Its independent Appraisal Committee questioned the clinical benefit of the drug in overall survival and concluded its high cost was not a good use of NHS resources.
Sir Andrew Dillon, NICE Chief Executive, says the evidence provided “did not conclusively” demonstrate Avastin to be clinically and cost effective.
The breast cancer drug was being appraised when used in combination with the chemotherapy drug Xeloda (capecitabine).
Data provided by Roche had demonstrated that median progression-free survival benefit associated with Avastin plus Xeloda was 2.9 months greater than Xeloda monotherapy alone.
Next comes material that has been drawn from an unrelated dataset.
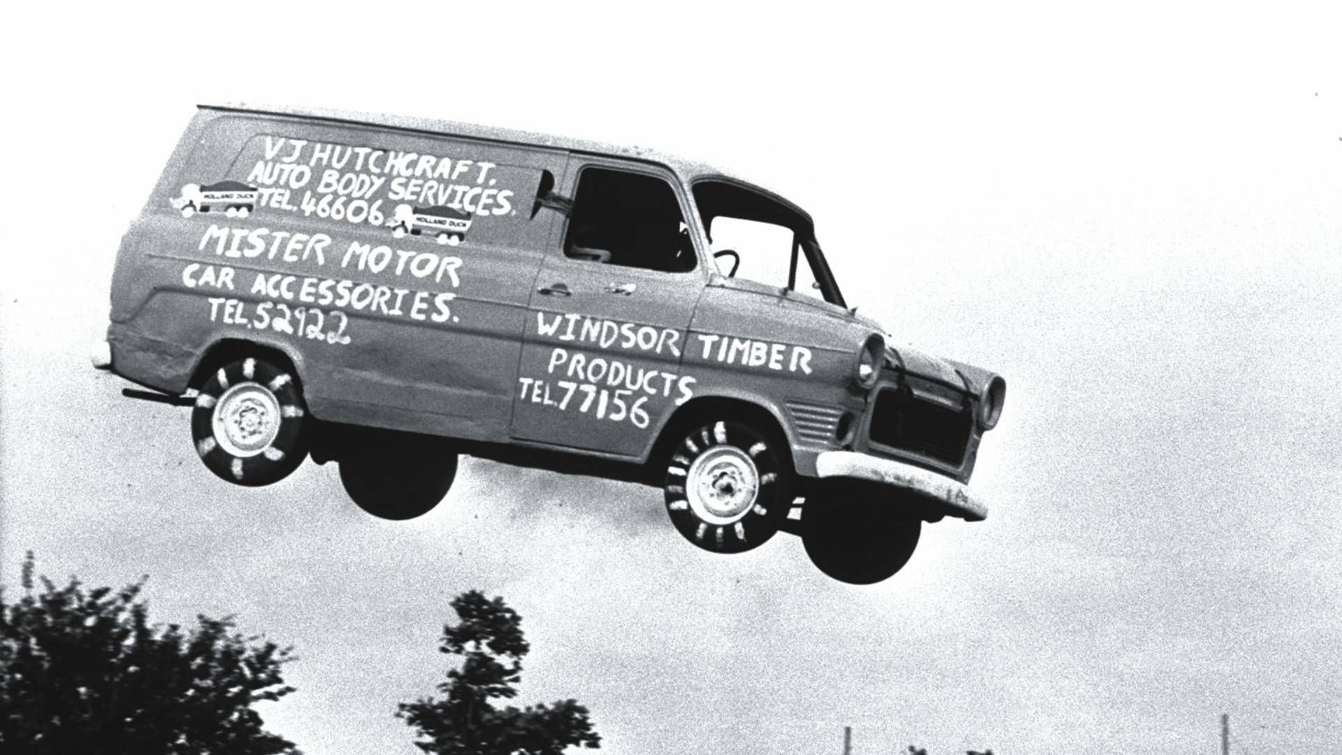 La creatividad también llevó a esta van a escenarios poco convencionales. En 1985, una Transit flotante compitió en una carrera de balsas y otra voló por encima de 15 vehículos para recaudar fondos.

However, the Committee claimed it was unclear whether that benefit translated into an improvement in overall survival.
The Committee also raised the issue of a lack of data showing whether patients would have a better quality of life than if they were treated with chemotherapy alone.
Also, NICE noted that Roche’s cost-effectiveness figures were based on a specific subgroup of patients who had previously received a taxane, and not on the whole capecitabine cohort.
Given these uncertainties the Committee concluded it was not possible to arrive at a plausible Incremental Cost Effectiveness Ratio (ICER) per QALY gained for bevacizumab plus capecitabine compared with capecitabine alone for the whole patient population and were not able to recommend the treatment.
“We can’t recommend a drug that has not been shown to work as well as, or better than, current treatments and costs much more,” said Sir Andrew. “We want to ensure people have access to the best treatments the NHS can afford; bevacizumab has so far not been proven to be clinically or cost-effective.”
Breast cancer is one of the most common cancers in England. In the UK, it is estimated that more than 48,000 women and around 300 men are diagnosed with the disease each year.
The draft guidance is now open for consultation.